It was sitting right there in the yard of the dilapidated, single-wide trailer. It wasn’t the only thing out here. The whole place was a junkyard. There was a broken-down Ford truck with only three tires, a rotted couch, an old dishwasher, plus what looked like a regular, old-school soda vending machine. The soda machine was covered with weeds and dirt like everything else in the yard. Instead of a logo for Coke or Pepsi, the machine featured the profile silhouette of a man I immediately recognized. Under the image were the words One Fight for Nine Tokens.

Under it was an asterisks mark with tiny letters that read: Warning. Once activated, you may leave the zone, but if you do, you will need to deposit nine more tokens to reactivate. And under that, in even smaller letters was: By the way, there are only nine tokens available in this whole area. So if you leave, you’re pretty much fucked.

“I thought it was a fatter version of you with a mustache until I saw the motorcycle,” Donut said. “It’s only a shadow, but he looks just like you, Carl. The nose is quite identical. It’s eerie, really.”

I felt as if I couldn’t breathe, and I was doing my best to hide it. “Don’t ever say that again.”
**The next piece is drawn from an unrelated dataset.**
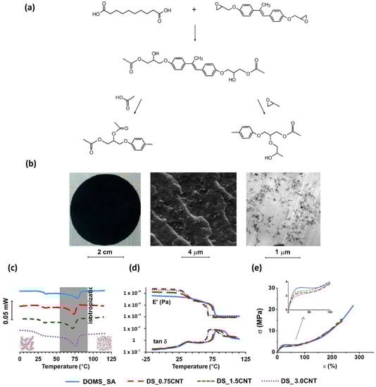 A completely different synthetic procedure was reported by Lama et al. [] to produce epoxy-based LCE composites with multi-walled carbon nanotubes (MWCNTs). The synthesis of the epoxy polymer (labeled “DOMS_SA”, Figure 2a) involves the mixing of the epoxy precursor with sebacic acid in the presence of a catalyst, obtaining a viscous mixture at 160 °C. The mixture is then poured between two Teflon-coated glasses, and is cured in the oven to finalize the polymerization. The synthesis of epoxy-based LCE-MWCNT composites implies the functionalization of the MWCNTs with the epoxy pre-polymer. The curing reaction is then performed by adding sebacic acid to the dispersion of epoxy-functionalized MWCNTs in the oven, as described for the pure epoxy polymer []. Several samples in the form of thick plates (10 mm × 10 mm × 0.25 mm) were obtained with varying nanotube content, indicated as DS_xCNT, with x = 0.75 wt %, 1.5 wt % and 3.0 wt %. An important step in the preparation of homogeneous LCE composites is represented by the functionalization of the MWCNTs and the formation of the epoxy precursor–MWCNT adducts, as revealed by the optical, SEM and TEM images (Figure 2b). The mesophase behavior of the LCE and LCE-based composites indicates the occurrence of a smectic phase (see differential scanning calorimetry (DSC) in Figure 2c). However, a concentration, x, of MWCNTs higher than 1.5 wt% destabilizes the mesomorphic behavior, as observed in other LCE composites [,,,,,]. As shown in Figure 1d and Figure 1e, both dynamic mechanical analysis and stress–strain measurements confirm the physical properties typical of liquid-crystalline elastomers. The storage modulus (E’) and dissipation factor (tan δ) indicate an increasing stiffness of the LCE composites when the concentration of MWCNT is increased (Figure 1d). Stress–strain curves (σ versus ε%) refer to the uniaxial mechanical stress applied to the rubber state of the samples, which is able to align the network. The typical soft-elasticity response of LCEs is also observed in the composites (Figure 1e). As reported and discussed in Reference [], the presence of MWCNTs has interesting effects on the thermo-mechanical behavior. In particular, at x = 0.75 wt%, the LCE-based composites show a dramatic enhancement in thermal actuation and a very high orientational order, probably due to alignment of the nanotubes along the smectic director.

“Does he really have a mustache? Did he work in porn? It’s no wonder you didn’t have any pictures of him.”

“Sometimes,” I said. “To the mustache part, not the porn. Whenever he was getting ready to go out on one of his motorcycle weekend trips, he’d grow it out.” I instinctively reached up and grabbed my own face, which I still shaved every day. “He could grow one out really fast.”

“Well, it doesn’t appear he’s ridden that thing in a long time,” Donut said, looking over the dirty motorcycle.

“You know what,” I said, looking over the yard. My eyes focused on the green weeds growing up around the tires of the motorcycle. At the flowers. “You’re right. This is wrong. All of this is wrong.”

“What do you mean?”

I gestured behind me. “Everything here was covered in snow just a few hours ago. It melted because it was transferred here to Florida. This trailer and the entire yard is different. Look at the grass. Look at all the dust on the truck and motorcycle.”

“Hey,” Donut said. “You’re right! They’re cheating! And this is different than the zombie turkey barn. That had snow on it! And look over there, where the yard ends!”

I looked at where she was pointing, and there was a pile of kids’ bicycles in the overgrown yard adjoining the neighboring trailer. One of the bikes was cut in half. The half that had been in the neighbor’s yard was gone, and the front half remained in the yard here, sliced off like it had been cut with a precision laser. I looked over the bikes, remembering. When I was a kid, everyone would roam the neighborhood in packs, but I never had a bike, and I’d chase after them on foot, always getting left behind. I never had friends, not lasting ones. I always blamed not having a bike.

I looked over at the neighboring trailer, and one of the same bikes from the pile was leaned up against the side of the wall. It was literally the exact same bike, complete with the same pink and white Spider Gwen stickers.

“This yard and trailer is not from Christmas. They are cheating. This little spot is from a different time. Earlier, but not by much. Maybe sometime in the summer. It’s spliced in.”

An ominous feeling washed over me. Why would they do that?

It’s because they want you to see something. Something specific they caught on their magic cameras.

I walked over and rubbed my hand across the dirty and cracked leather seat of the motorcycle. The bike had Georgia plates that’d expired years before. I knew nothing about these things, but I did know there was something special about this one. It was a collector’s item and if it had been in good condition, it’d be worth a lot of money. It was a Harley-Davidson 1965 FLH Electra Glide Panhead. I didn’t know what any of that meant, but I knew this was the last year of some type of configuration and the first year of something else. He’d never shut up about it. This damn thing was his prized possession.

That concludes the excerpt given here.